→ Problem requirements:
Repeat, exactly as written, the lines from the one with "Upon entering the" to the final line of the listing, and keep every picture out.
──────
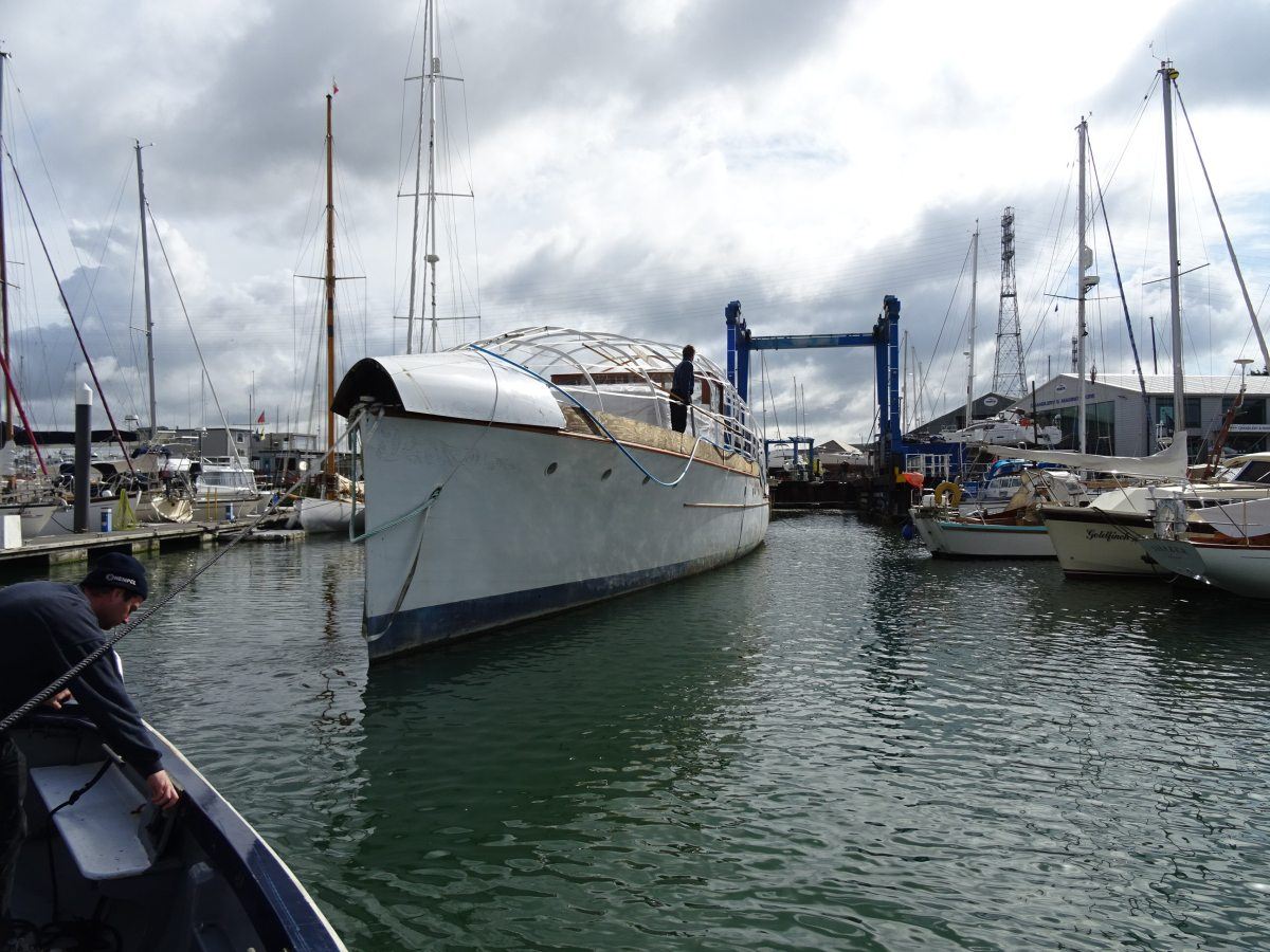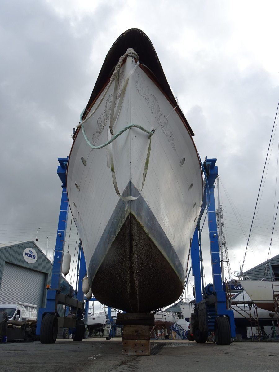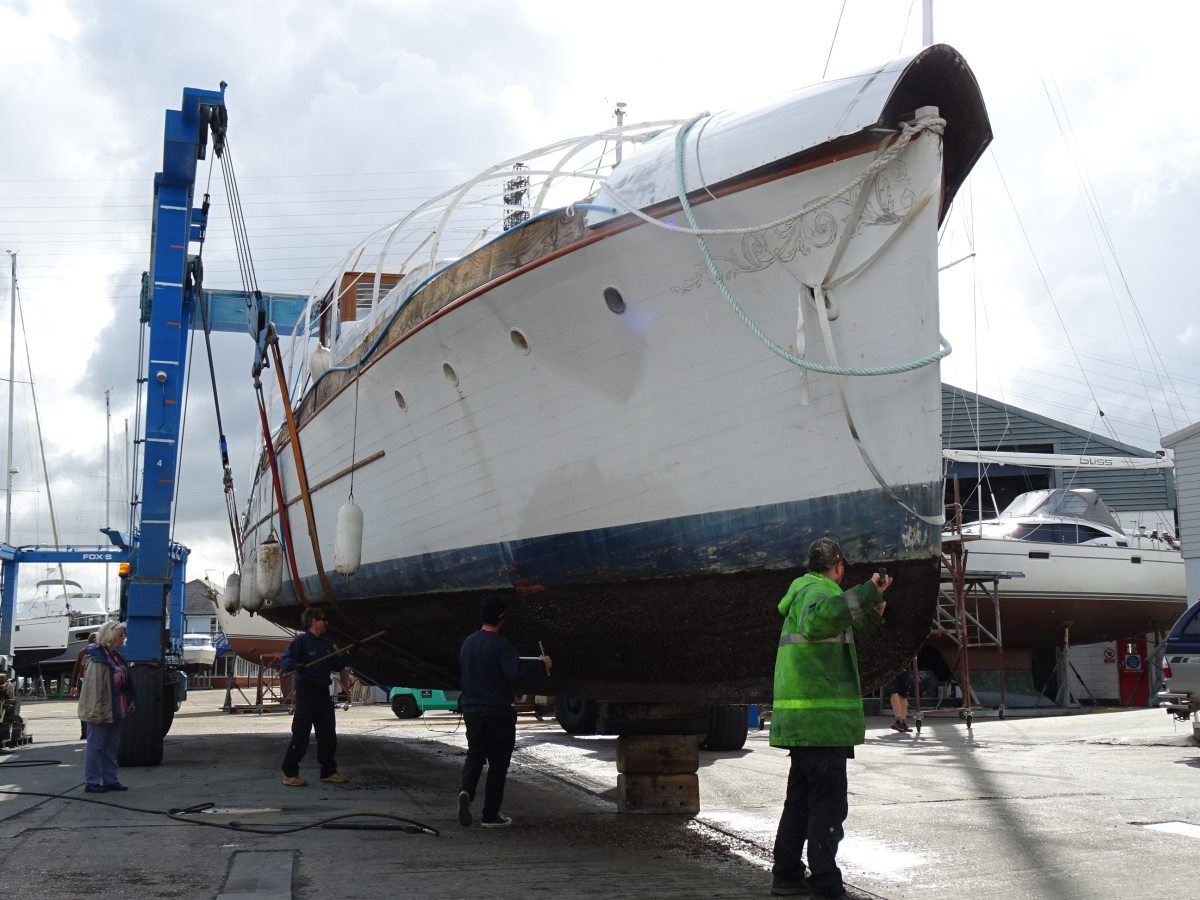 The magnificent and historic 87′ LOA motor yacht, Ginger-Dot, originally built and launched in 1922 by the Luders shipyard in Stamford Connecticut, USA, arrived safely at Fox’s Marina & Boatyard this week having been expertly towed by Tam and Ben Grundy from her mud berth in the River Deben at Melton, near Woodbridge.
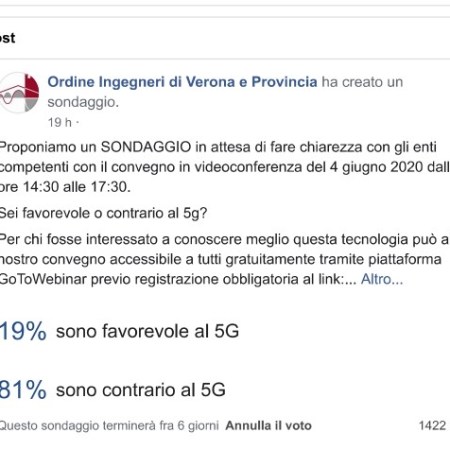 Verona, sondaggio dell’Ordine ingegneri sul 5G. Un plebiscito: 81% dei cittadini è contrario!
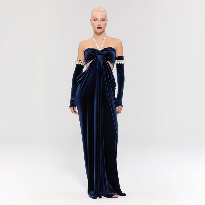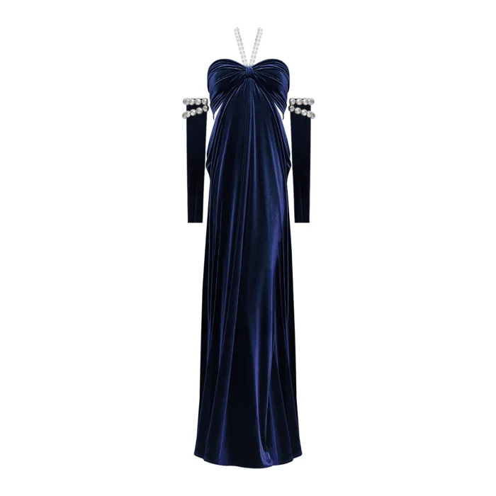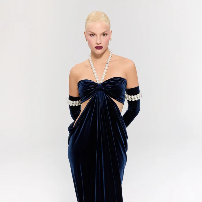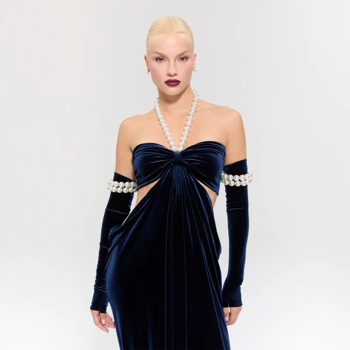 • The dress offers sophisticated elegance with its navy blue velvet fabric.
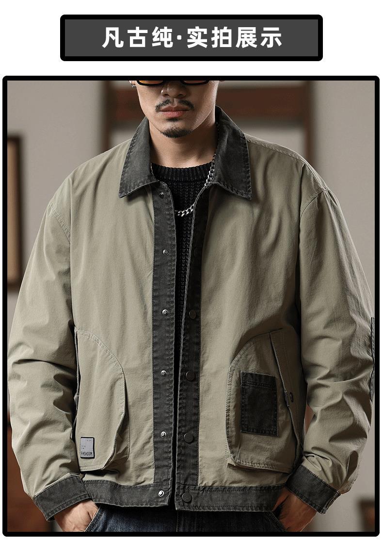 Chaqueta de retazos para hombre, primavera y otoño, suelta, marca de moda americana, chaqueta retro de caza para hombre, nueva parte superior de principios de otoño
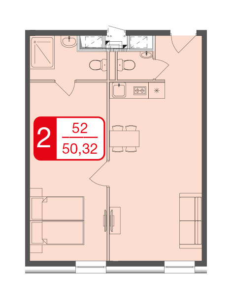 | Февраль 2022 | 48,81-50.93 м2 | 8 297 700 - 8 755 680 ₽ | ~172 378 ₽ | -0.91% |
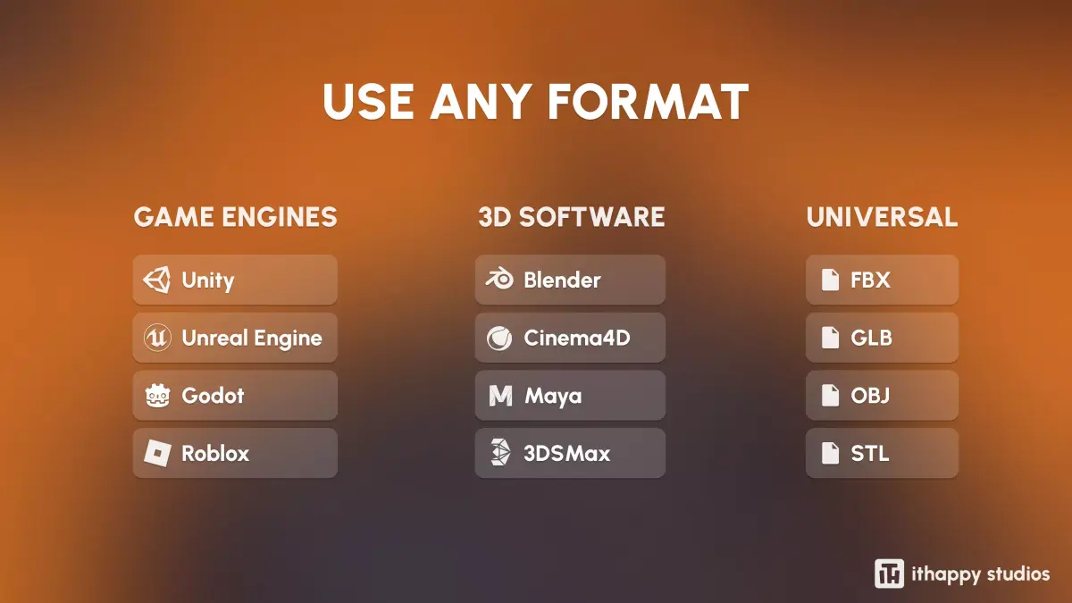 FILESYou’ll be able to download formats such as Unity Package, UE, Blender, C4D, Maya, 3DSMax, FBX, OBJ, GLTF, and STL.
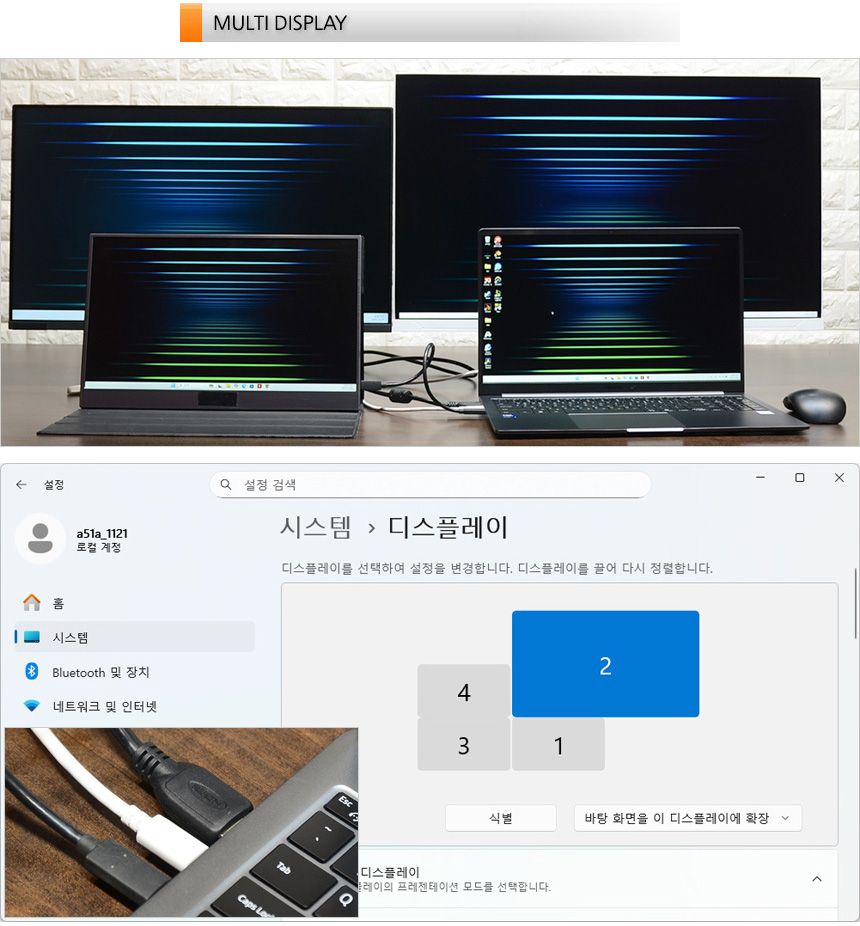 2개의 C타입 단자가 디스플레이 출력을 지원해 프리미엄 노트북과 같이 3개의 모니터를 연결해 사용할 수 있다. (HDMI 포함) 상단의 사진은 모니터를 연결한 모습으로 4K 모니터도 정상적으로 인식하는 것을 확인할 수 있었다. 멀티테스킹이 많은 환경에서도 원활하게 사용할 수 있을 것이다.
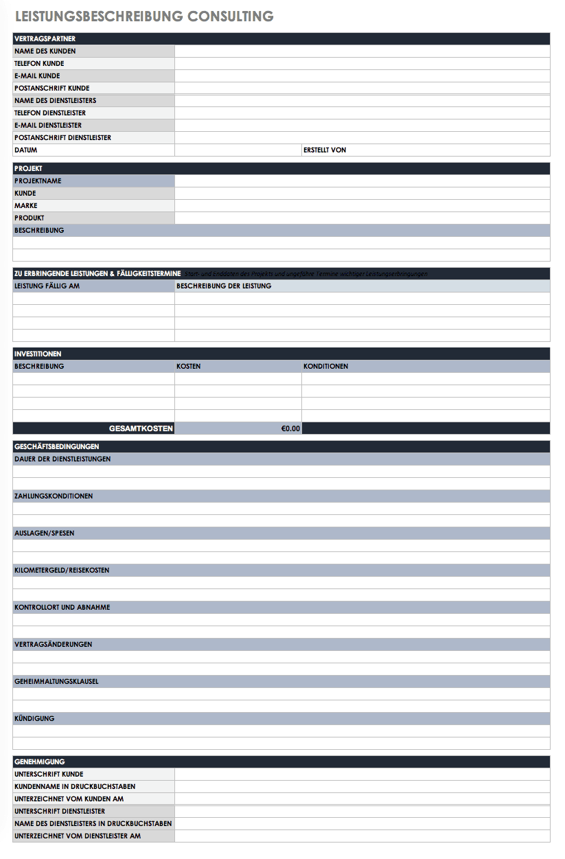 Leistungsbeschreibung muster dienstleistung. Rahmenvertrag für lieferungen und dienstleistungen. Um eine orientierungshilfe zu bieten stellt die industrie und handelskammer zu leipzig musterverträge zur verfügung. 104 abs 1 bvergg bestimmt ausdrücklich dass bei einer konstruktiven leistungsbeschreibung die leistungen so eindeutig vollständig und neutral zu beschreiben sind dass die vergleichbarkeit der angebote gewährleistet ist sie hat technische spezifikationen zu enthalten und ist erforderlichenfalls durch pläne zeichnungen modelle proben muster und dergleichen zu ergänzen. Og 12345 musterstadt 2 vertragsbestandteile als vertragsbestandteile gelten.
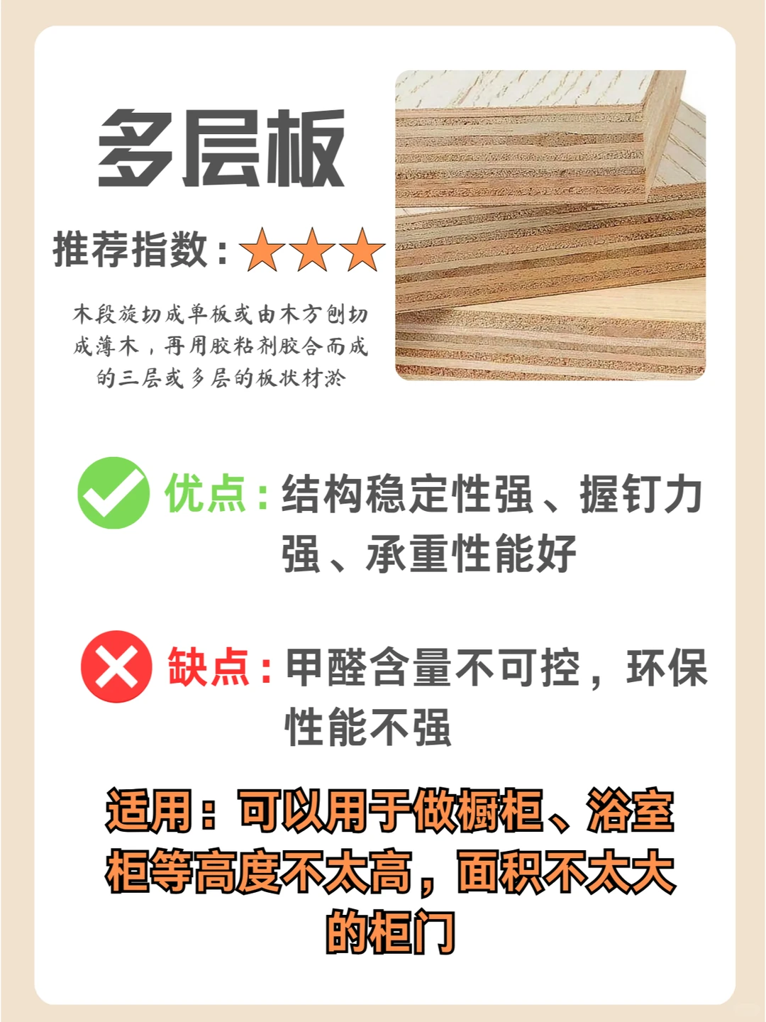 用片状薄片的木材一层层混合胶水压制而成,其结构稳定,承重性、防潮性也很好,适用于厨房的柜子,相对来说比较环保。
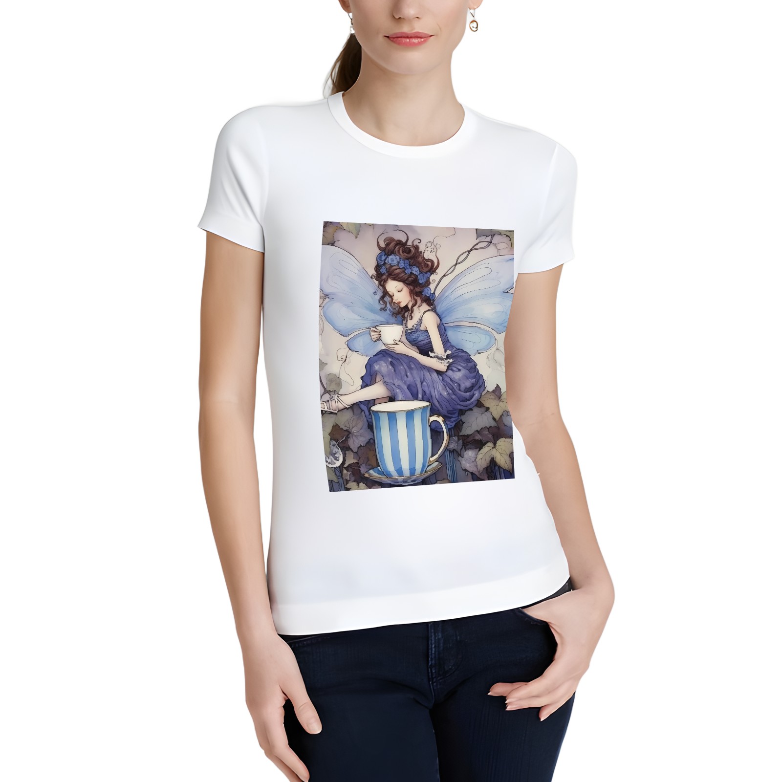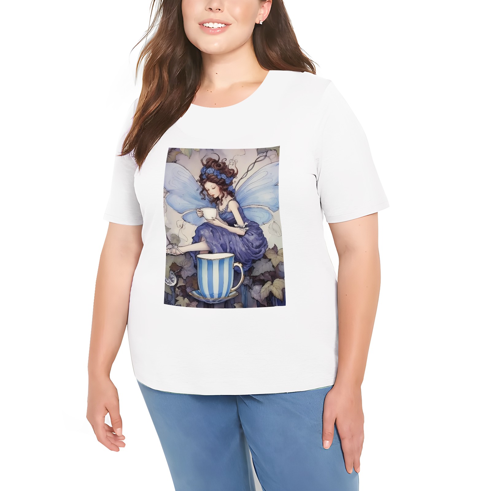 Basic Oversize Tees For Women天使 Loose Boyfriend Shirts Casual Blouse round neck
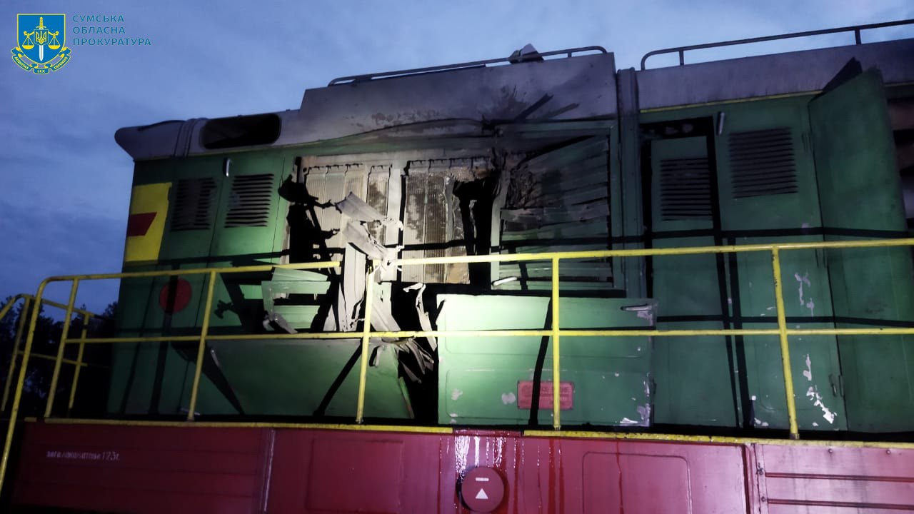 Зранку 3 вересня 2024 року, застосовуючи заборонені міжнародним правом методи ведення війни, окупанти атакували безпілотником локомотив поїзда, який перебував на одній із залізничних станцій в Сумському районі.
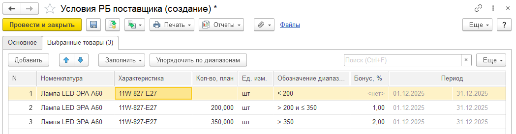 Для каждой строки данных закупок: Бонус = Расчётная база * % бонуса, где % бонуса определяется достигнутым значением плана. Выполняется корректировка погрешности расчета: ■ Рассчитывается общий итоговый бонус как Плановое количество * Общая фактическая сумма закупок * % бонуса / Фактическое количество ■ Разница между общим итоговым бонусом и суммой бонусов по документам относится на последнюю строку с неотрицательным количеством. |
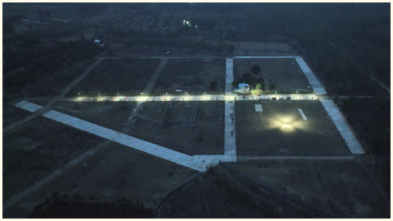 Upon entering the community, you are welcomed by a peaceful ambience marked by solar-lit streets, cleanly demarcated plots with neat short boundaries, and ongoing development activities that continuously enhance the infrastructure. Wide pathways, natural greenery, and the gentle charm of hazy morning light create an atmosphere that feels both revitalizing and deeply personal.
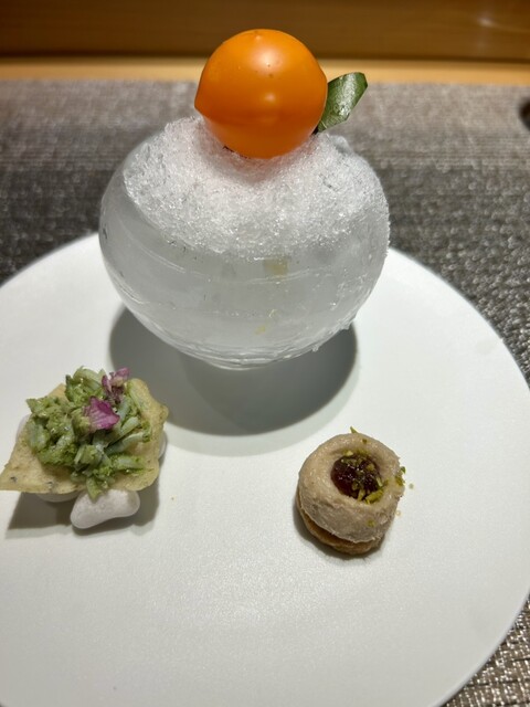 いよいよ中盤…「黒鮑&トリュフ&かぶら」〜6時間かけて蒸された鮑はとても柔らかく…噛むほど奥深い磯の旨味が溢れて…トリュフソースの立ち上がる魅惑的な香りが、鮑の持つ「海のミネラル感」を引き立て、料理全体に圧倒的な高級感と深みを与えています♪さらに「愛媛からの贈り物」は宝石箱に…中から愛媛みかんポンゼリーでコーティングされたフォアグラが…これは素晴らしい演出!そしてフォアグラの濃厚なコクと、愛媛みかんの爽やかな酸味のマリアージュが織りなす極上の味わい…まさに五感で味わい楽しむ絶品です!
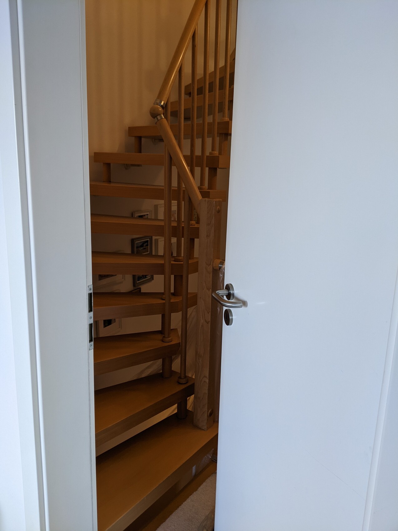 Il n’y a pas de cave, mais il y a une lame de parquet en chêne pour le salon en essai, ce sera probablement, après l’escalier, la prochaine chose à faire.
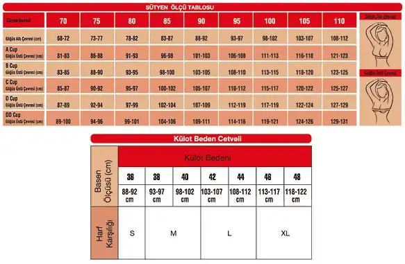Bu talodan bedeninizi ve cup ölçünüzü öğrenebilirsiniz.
──────
→ Exercise response:
 Upon entering the community, you are welcomed by a peaceful ambience marked by solar-lit streets, cleanly demarcated plots with neat short boundaries, and ongoing development activities that continuously enhance the infrastructure. Wide pathways, natural greenery, and the gentle charm of hazy morning light create an atmosphere that feels both revitalizing and deeply personal.
 いよいよ中盤…「黒鮑&トリュフ&かぶら」〜6時間かけて蒸された鮑はとても柔らかく…噛むほど奥深い磯の旨味が溢れて…トリュフソースの立ち上がる魅惑的な香りが、鮑の持つ「海のミネラル感」を引き立て、料理全体に圧倒的な高級感と深みを与えています♪さらに「愛媛からの贈り物」は宝石箱に…中から愛媛みかんポンゼリーでコーティングされたフォアグラが…これは素晴らしい演出!そしてフォアグラの濃厚なコクと、愛媛みかんの爽やかな酸味のマリアージュが織りなす極上の味わい…まさに五感で味わい楽しむ絶品です!
 Il n’y a pas de cave, mais il y a une lame de parquet en chêne pour le salon en essai, ce sera probablement, après l’escalier, la prochaine chose à faire.
Bu talodan bedeninizi ve cup ölçünüzü öğrenebilirsiniz.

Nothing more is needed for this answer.